California law firm heads to D.C.
- By Judi Hasson
- Apr 18, 2005
Looking to get a foothold in the federal market, a California law firm has acquired a robust Washington, D.C., firm that has one of the nation’s largest outsourcing practices.
The April 4 merger of San Francisco’s Pillsbury Winthrop and the law offices of Shaw Pittman, based in Washington, D.C., is another sign that the outsourcing market is growing and firms outside the Beltway want a place in it, according to experts.
Although Pillsbury Winthrop had a small outsourcing practice on the West Coast, its acquisition of Shaw Pittman gives the firm a better position for global outsourcing and federal government work.
"This is going to give them a huge footprint on the ground in the nation’s capital," said Ward Bower, a legal management consultant at Altman Weil. "It rounds out their significant national presence and establishes them as a national firm as well. I would think they would have an inside track to outsourcing [business] in the federal government."
The new name for the combined firm is Pillsbury Winthrop Shaw Pittman, and it employs 900 lawyers in 16 locations. The combined annual earnings for the new firm will exceed $600 million. The merger also gives the California-based firm a major outlet in Northern Virginia's high-tech corridor and increases its profile with offices in New York and London.
Shaw Pittman's outsourcing practice brings in $40 million to $50 million a year, said Bob Zahler, who helped develop the practice and now a partner in the combined firm.
Pillsbury Winthrop's "major objective was to build a national and global footprint," Zahler said. Of the major practices the firm has, outsourcing is the most valuable, he added.
Shaw Pittman attorneys advised National Security Agency officials several years ago when they developed Groundbreaker, a $2 billion project to update and manage NSA's hardware and software.
More recently, the firm guided officials at the Financial Management Service, a Treasury Department bureau, during negotiations to update an outsourcing contract for the Electronic Federal Tax Payment System.
"Outsourcing has become such a key component in the business world today," said Zahler, a senior member of the firm’s outsourcing group. "Shaw Pittman had the dominant legal practice in it, with more than 80 lawyers and consultants."
It's a good bet for the California firm, too, said Harris Miller, president of the Information Technology Association of America.

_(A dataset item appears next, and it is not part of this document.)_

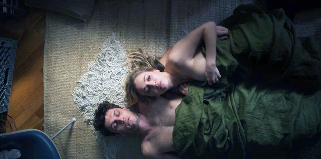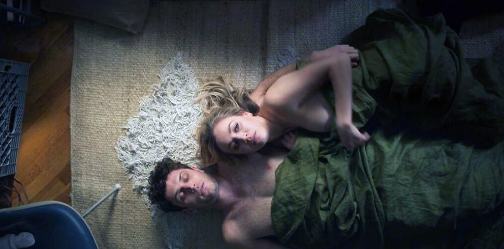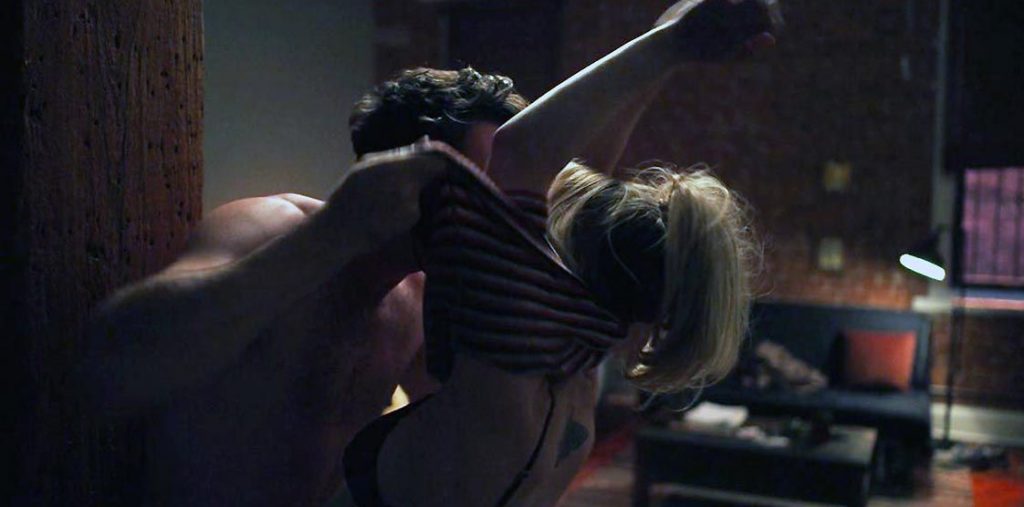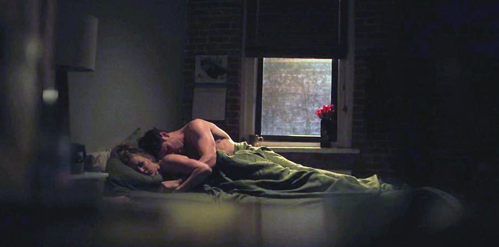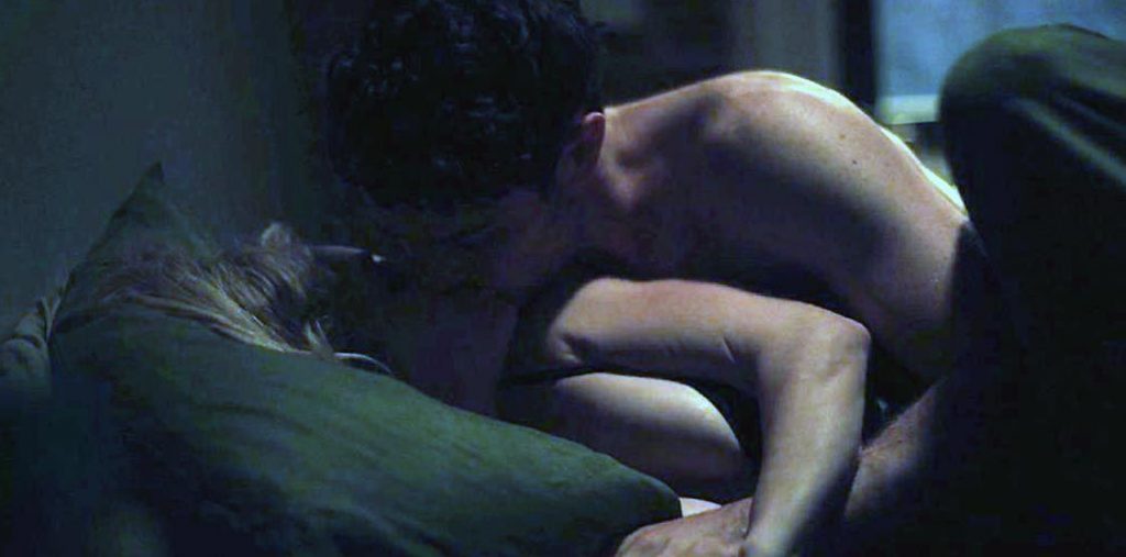 Now, here are my favorite scenes! First, I have to show you the last two ones from the ‘The Flight Attendant’ series above! In the first one, Kaley Cuoco is kissing a man as he takes her top off to expose her bra. She and the man then move to a tent, where he has sex with her from behind, with Kaley exposing her cleavage in her bra as she lays on her side.

Any business in the government marketplace will be strong for the foreseeable future, including "law firms, recruiting firms, accounting firms and everything that provides a strong infrastructure around government," he said.

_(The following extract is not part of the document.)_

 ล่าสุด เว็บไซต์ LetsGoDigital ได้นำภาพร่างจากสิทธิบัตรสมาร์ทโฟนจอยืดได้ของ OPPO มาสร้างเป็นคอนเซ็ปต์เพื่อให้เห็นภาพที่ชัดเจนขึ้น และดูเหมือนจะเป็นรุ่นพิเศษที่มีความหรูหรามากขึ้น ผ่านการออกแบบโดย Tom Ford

Larry Allen, executive vice president of the Coalition for Government Procurement, said the move is another sign that outsourcing is in.
"The second thing at play here is that it follows a trend in law firms," Allen said. "If you see a particularly hot area you want to get your firm in, you raid that practice area or you acquire another firm."
Shaw Pittman has been successful in government outsourcing projects worldwide. Firm officials helped outsource all of Australia’s nondefense federal work. They also advised the United Kingdom's Inland Revenue, Great Britain’s tax collection agency, when it recompeted an outsourcing contract for technology and business services.